Nie czyniąc wcale już tajemnicy ze swych obrotów, baron poszedł wprost od rynku do sklepu. Znalał w nim samą panię Ryfkę Szpetną, siedzącą z pończochą, w całym majestacie kupcowej, która nikomu nic nie będąc winną w miasteczku, ma tylko dłużników.
— Jest pan Mordko?
— A na co panu jego? spytała kupcowa.
— Potrzebuję się z nim wiedzieć.
— Nie mogę wiedzieć, czy on jest.
Zawołała Surki i poszwargotała.
— Jak się jegomość nazywa?
— Baron Helmold.
Żydówka wygrzeczniała i podniosła się.
— Proszę pana barona zajść do pokoju, bardzo proszę.
Przeprowadzony przez żydóweczkę baron nie odkrywając głowy, dostał się do trzeciego pokoju. Tu pan Mordko w szlaflroku, pisał. Na widok barona porwał się zmięszany, zdejmując krymkę i przystawiając stołek.
— Czy była odpowiedź na mój list? spytał baron.
Żyd się zmięszał i rękami ruch uczynił, wyrażający ubolewanie.

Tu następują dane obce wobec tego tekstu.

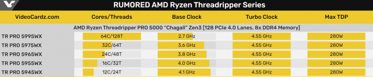 4. В HEDT секторе наконец-то произойдут изменения. Скоро должен состояться анонс настольных HEDT-процессоров Ryzen Threadripper PRO 5000, которые предложат от 12 до 64 ядер с архитектурой Zen 3 с частотой до 4,55 ГГц.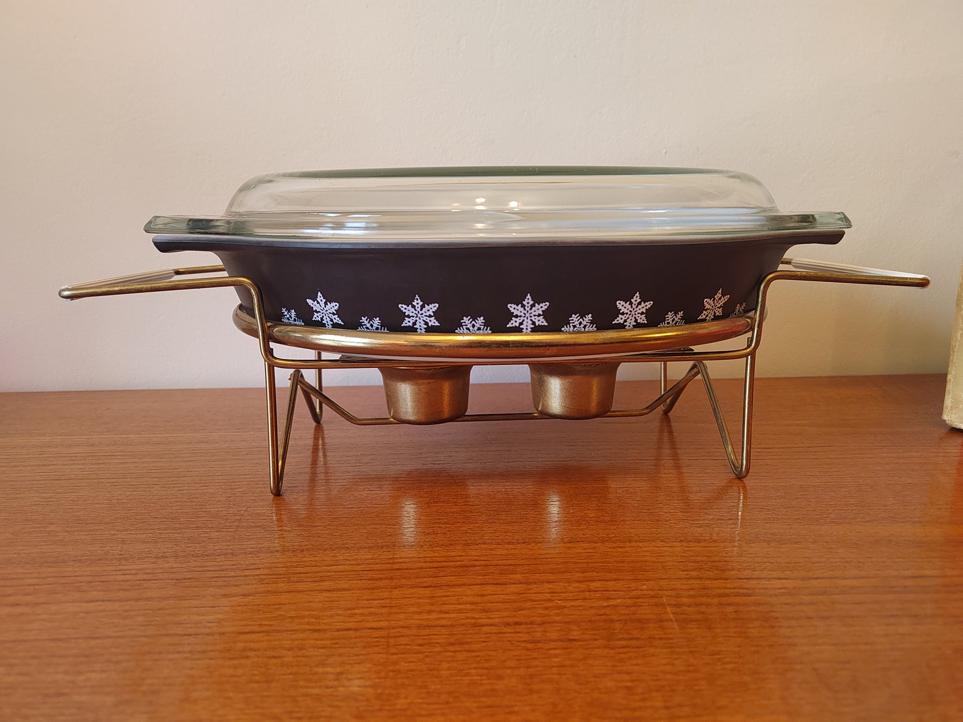 A glorious 1950's Pyrex gaiety divided vegetable dish with stand in black and white snowflake design .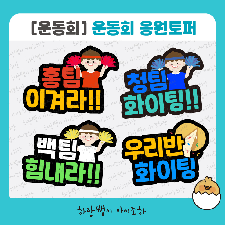 유치원 운동회 토퍼 4종 / 홍팀, 청팀, 백팀 체육대회 응원 도구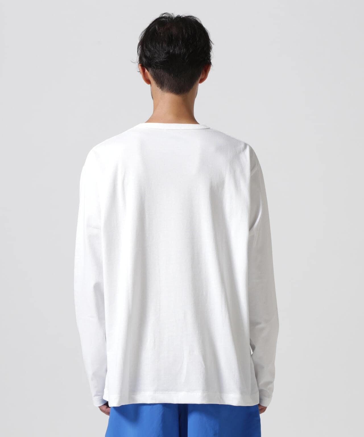 適度寬鬆的長袖 T 恤。它略顯單薄,手感乾爽,既可單穿,也可作為夾克和連體衣的內層。這種針織面料是在和歌山市使用富山縣紡紗廠採用特殊紡紗方法生產的紗線編織而成的。紗線的核心是硬質棉,周圍是用空氣漩渦紡成的超長棉。這是曾任 ATON WORLD BASICS 總監的久崎泰晴的新品牌。Yasuharu Hisasaki 曾在其之前的品牌下推出過該品牌。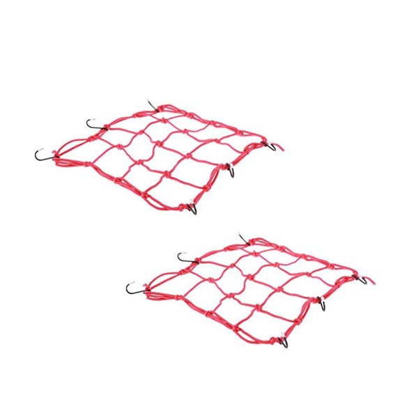 2 PCS Cargo Net,11.8 inch x11.8 inch Elastic Rack Storage Net with 6 Adjustable Hooks for Bike Bicycle Motorcycle (Red)
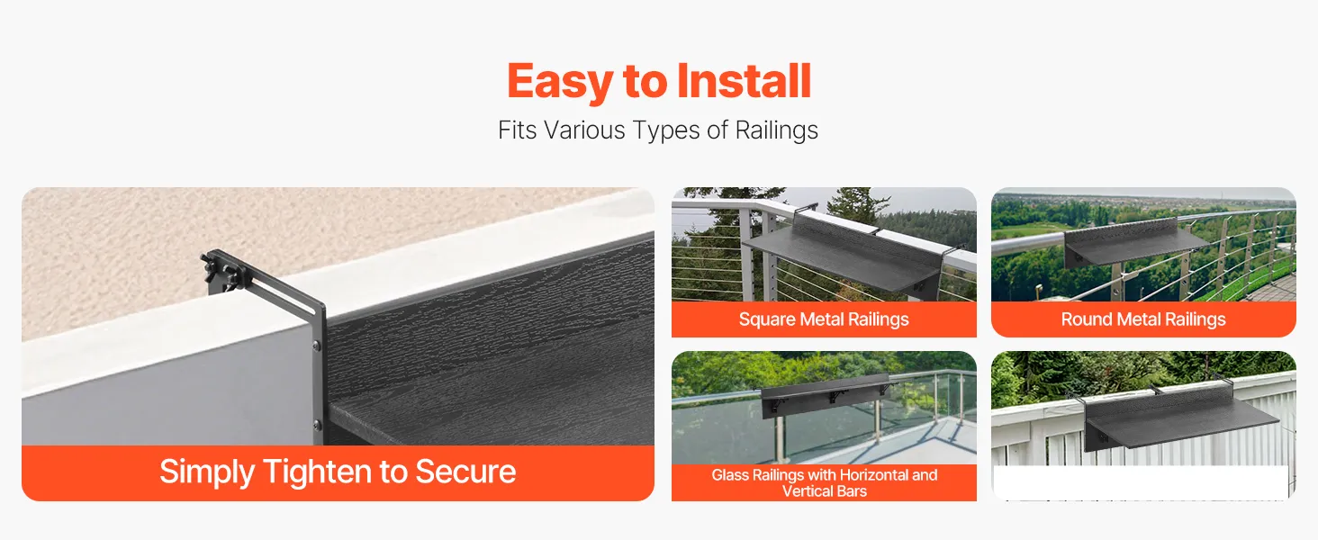 The adjustable bracket design allows for a quick and easy setup. No need for measurements – simply tighten the brackets to securely attach the table to any type of railing. You can install it without any prior DIY experience.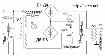 Рисунок 1 Аппарат работает следующим образом. При замыкании контактов выключателя SA1 см. рис.2 напряжение питания 220 в поступает на первичную обмотку трансформатора TV1. Конденсатор С1, подключенный через замкнутые контакты переключателя SA3 к выпрямительному мосту Д5-Д8, заряжается. Первичная обмотка трансформатора TV2 обесточена, так как тринистор VS1 закрыт. Рисунок 2 При нажатии на кнопку переключателя SA3 заряженный конденсатор С1 подключается к управляющему электроду тринистора через переменный резистор R1. Разрядный ток конденсатора открывает тринистор, и напряжение сети поступает на первичную обмотку сварочного трансформатора TV2. Если вторичная обмотка сварочного трансформатора соединена со свариваемыми деталями, то в ней возникает мощный импульс тока, который вызывает сильный разогрев металла в точке касания сварочного электрода. Длительность импульса тока зависит от параметров времязадающей цепи R1C1. При номиналов элементов этой цепи, максимальная длительность импульса ( без учета внутреннего сопротивления тринистора) примерно равна: iи =R1C1 =100× 1000× 10-6=0,1 с За это время ток во вторичной обмотке может достигать 300...250 А. Этого вполне достаточно для прочного приваривания к массивным конструкциям деталей из фольги толщиной до 0,15 мм, например из легированной стали 1Х18Н10Т. Оптимальный режим сварки устанавливается подстроечным резистором R1. Конструктивно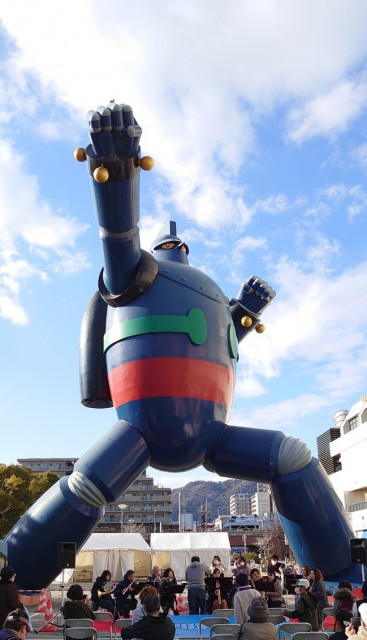 新長田駅前の鉄人広場にて、鉄人28号のモニュメントの下での演奏😃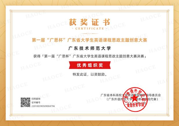 叶薇博士的《聚焦中国情怀和国际视野的综合性商务英语写作》获得广东技术师范大学本科课程思政优秀案例二等奖;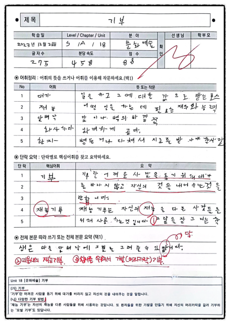 우리 학원의 국어 학습은 매일매일 글을 읽고 요약하는 습관을 길러주는 것입니다.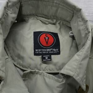 SCOTTeVEST SeV Womens Medium Trench Coat Sage Green Pockets Travel Business TEC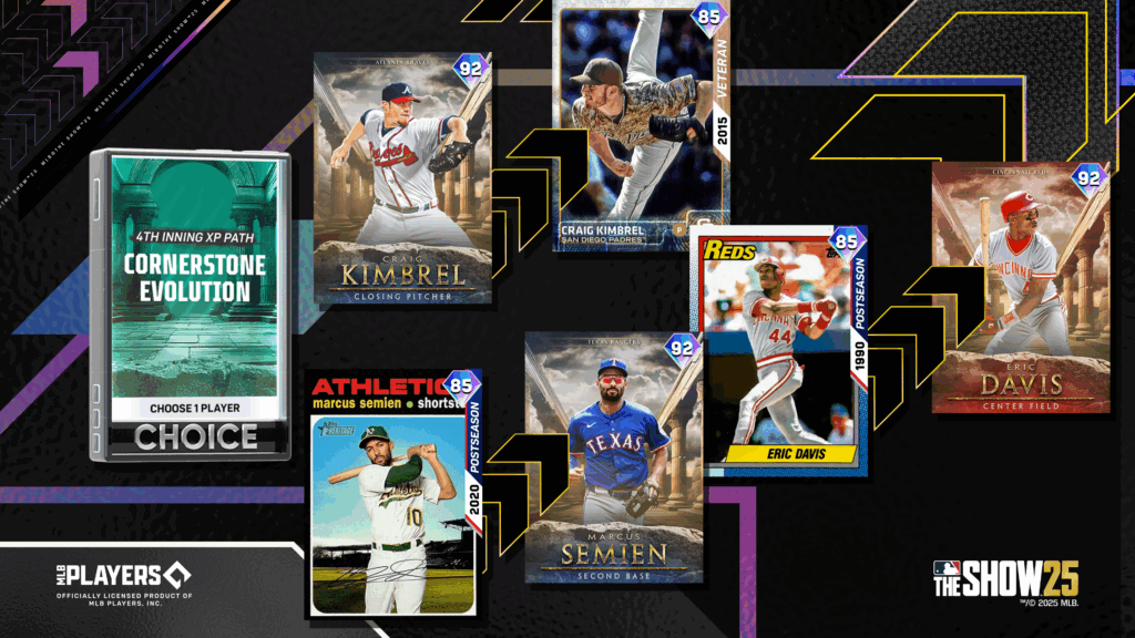 Earn 4th Inning Reward Path Cornerstone Evolution Packs in the 4th Inning XP Reward Path to add the Veteran Series Craig Kimbrel (85 OVR), Postseason Series Eric Davis (85 OVR), and Postseason Series Marcus Semien (85 OVR) to your lineup. Use these player items to begin the all-new 4th Inning Cornerstone Evolution Programs, available in Assorted Programs, where you’ll complete Moments and Missions featuring each player to earn the Diamond Cornerstone Series Craig Kimbrel (92 OVR), Eric Davis (92 OVR), and Marcus Semien (92 OVR).

— Pan pisał do panny Pauliny?
— Tak jest.
— A! pan nie wie, co za nieszczęście spotkało pana Mamerta! A waj! to był bardzo poczciwy człowiek, on umiał z ludźmi żyć, ja u niego co rok skórki kupował i do dworu u mnie wszystko brali, a teraz!
— No cóż mu się stać mogło?
Mordko westchnął.
— Jemu się stało wielkie nieszczęście... jemu oskarżyli, że on na dwóch stołków siedział, że zdradził hrabiów; no, co pan chce! Jemu napadli, zabrali wszystkich papierów, rachunków, pieniędzy i zapozwali przed sąd. On dwa dni mało nie umarł ze strachu i musiał się strasznie opłacić i uciec, aby go kryminalnie nie sądzono.
Strona:PL JI Kraszewski Dzieci wieku.djvu/467
Ta strona została skorygowana.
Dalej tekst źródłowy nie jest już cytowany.